Films for cook-in packaging must be structurally capable of withstanding exposure to cook-in time and temperature conditions while containing the food product. Cook-in time and temperature conditions typically involve a long, slow cook, for example, submersion in hot water at about 55.degree. C. to 65.degree. C. for about 1 to about 4 hours. Submersion in water or steam at 70.degree. C. to 100.degree. C. for up to 12 hours is also possible.
Following the cook-in process, the film package should substantially conform to the shape of the contained food product. This is preferably achieved by the film being heat-shrinkable under cook-in conditions to form a tightly-fitting package. In other words, the cook-in film desirably possesses sufficient shrink energy that submerging the packaged food product in hot water during the cook-in process will shrink the packaging film snugly around the contained product. Alternatively, the cook-in film package may be caused to shrink around the contained food product prior to initiating the cook-in procedure by e.g., placing the package in a heated environment prior to cooking.
The cook-in film should also possess sufficient product adherence to restrict or prevent "cook-out," i.e., collection of juices between the surface of the contained food product and the food-contact-surface of the packaging material during cook-in, thereby increasing product yield and providing a more aesthetically-appealing package.

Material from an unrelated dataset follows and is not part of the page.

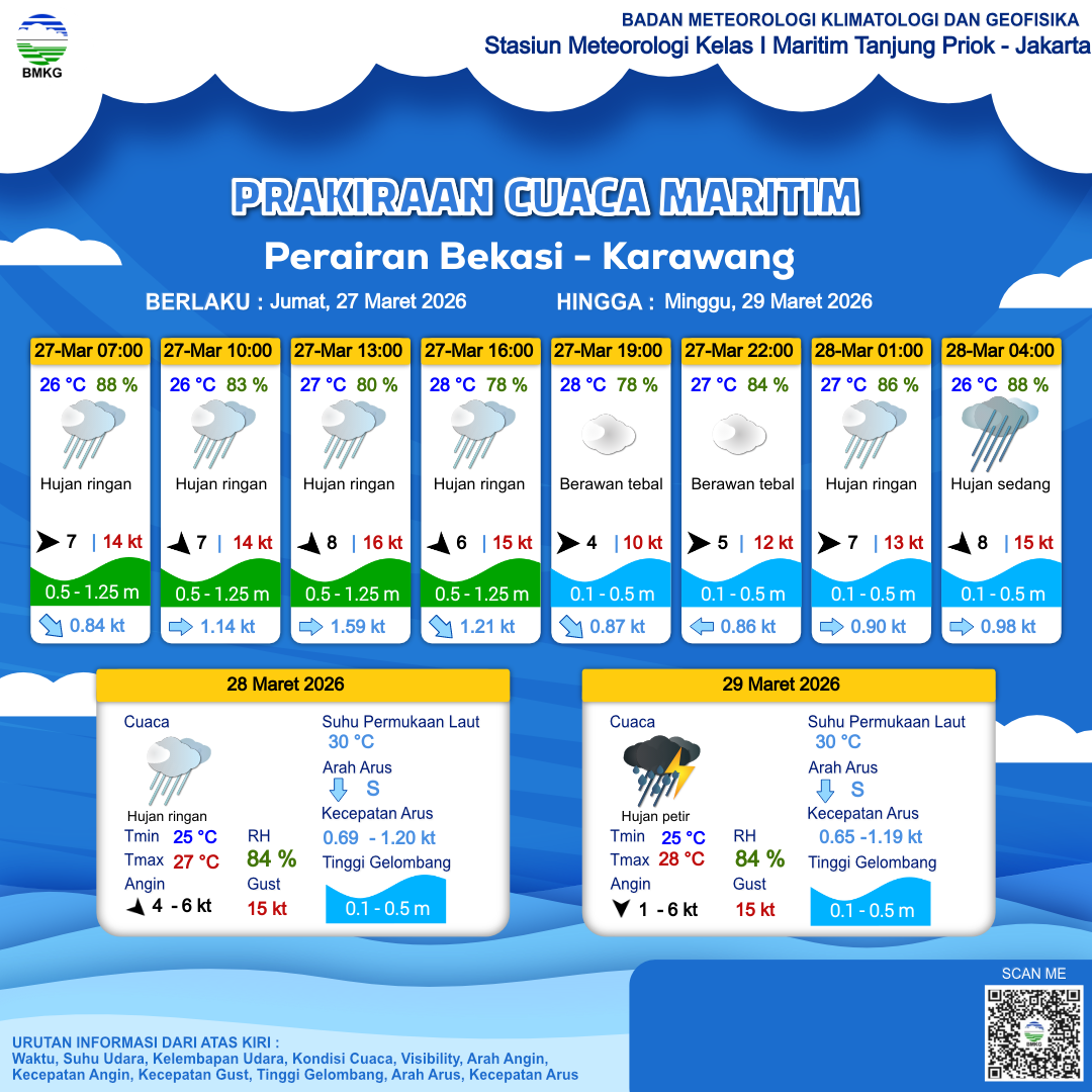 27 Mar 26, 13.00 5 jam kedepan | Barat 4 kt Gust Peningkatan kecepatan angin yang singkat dan tiba-tiba : 10 kt | 0.5 m Rendah | Barat 0.9 Knots | 28 °C | 80 % | |

It is often desirable to apply a modifier to the outer surface of the processed food product. For example, if the food product is poultry or ham, it may be desirable to impart smoke color, flavor, and odor to the outer surface of the cooked poultry or ham. This is often accomplished by applying "liquid smoke" to the outer surface of the food product during or after cooking. It would be desirable for the cook-in film to allow smoke color, flavor, and ordor to be transferred to the poultry or ham during the cook-in process.
Conventional cook-in films possess a number of undesirable drawbacks. Some films do not provide sufficient adherence to the surface of the food product to prevent cook-out. This results in reduced product yield and an unsightly package-appearance. Other cook-in films successfully prevent cook-out, but adhere to the surface of the food product with such adhesive strength that portions of the food product are torn away from the remainder of the food product when the cook-in film is peeled from the food product after cooking. That is, the cohesive force within the food product is overcome by the adhesive force between the cook-in film and the surface of the food product. As a result, product yield is reduced and the food product has an unsightly (pitted) surface-appearance.

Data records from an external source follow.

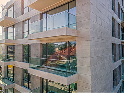 Acest proiect special a fost construit cu materiale naturale, faţade ȋmbrăcate integral în piatră, grădini pe terase și curţi interioare bogate în vegetaţie.
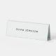 Simply add your custom name in the text area and it will be displayed on the front and back of this table tent sign.
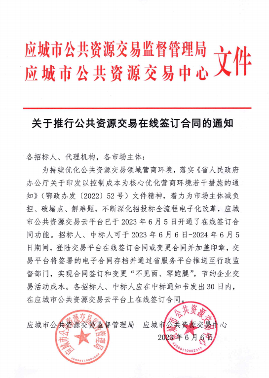 关于推行公共资源交易在线签订合同的通知
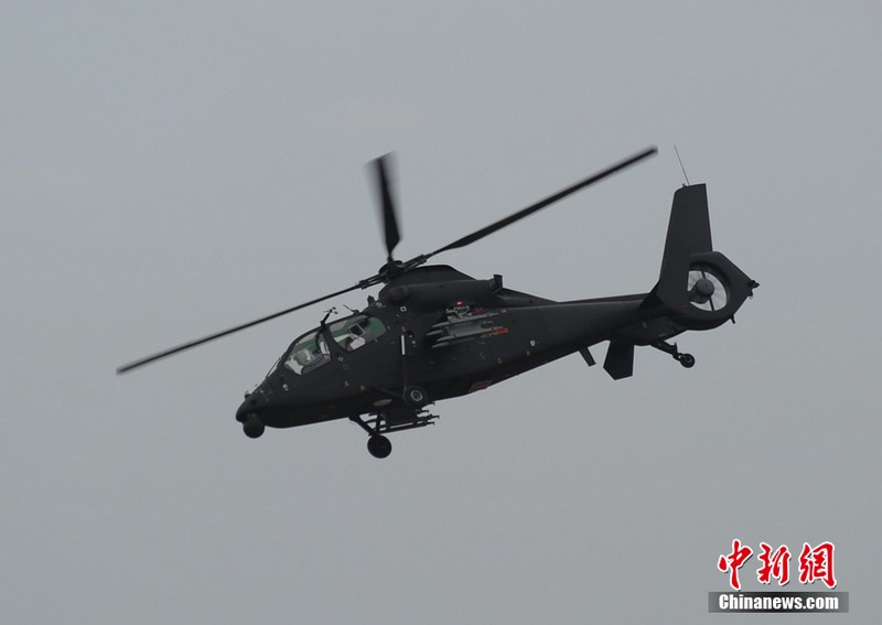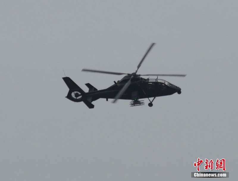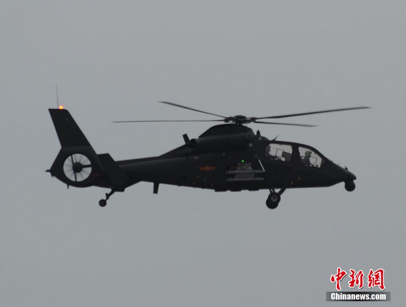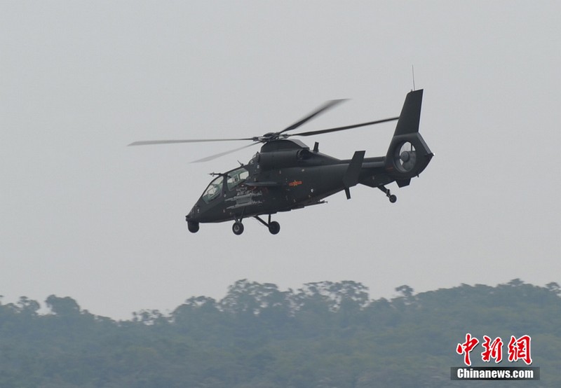 中新網(wǎng)珠海11月11日電(陳海峰) 中國陸航直19武裝直升機11日在珠海航展上空進行了精彩的飛行表演。

A further drawback of many conventional cook-in films is their inability to serve as a vehicle for transferring a modifier to a food product during the cook-in process. Attempts to do so have been largely unsuccessful, often resulting in non-uniform or no transfer of the modifier. Consequentially, modifier must be applied to the food product after the cook-in process has been completed. This necessitates stripping the cook-in film from the cooked food product, applying the modifier to the surface of the food product, and then repackaging. Not only does this procedure add time, expense, and complexity to the cooking/packing process, but it increases the likelihood that the food product will become contaminated. That is, inasmuch as cooking sterilizes the food product, it is preferred that the food product not be removed from its cook-in package and handled until it is to be consumed or sliced for retail display.
Another material used for cook-in packaging is collagen. While this material is advantageous in certain respects, it is very expensive and provides no shrinkage during the cooking process. Hence, a tight, aesthically-pleasing package appearance is difficult to achieve with collagen and cook-out often occurs. In addition, collagen adheres very well to most food products, often resulting in product loss when the collagen is stripped away from the food product due to food particles product adhering to the collagen.
Accordingly, a need exists in the art for a cook-in packaging film which minimizes or prevents cook-out, can be peeled from the food product after cook-in without tearing away portions of the surface of the food product, and which facilitates the transfer of a modifier to the food product during the cook-in process.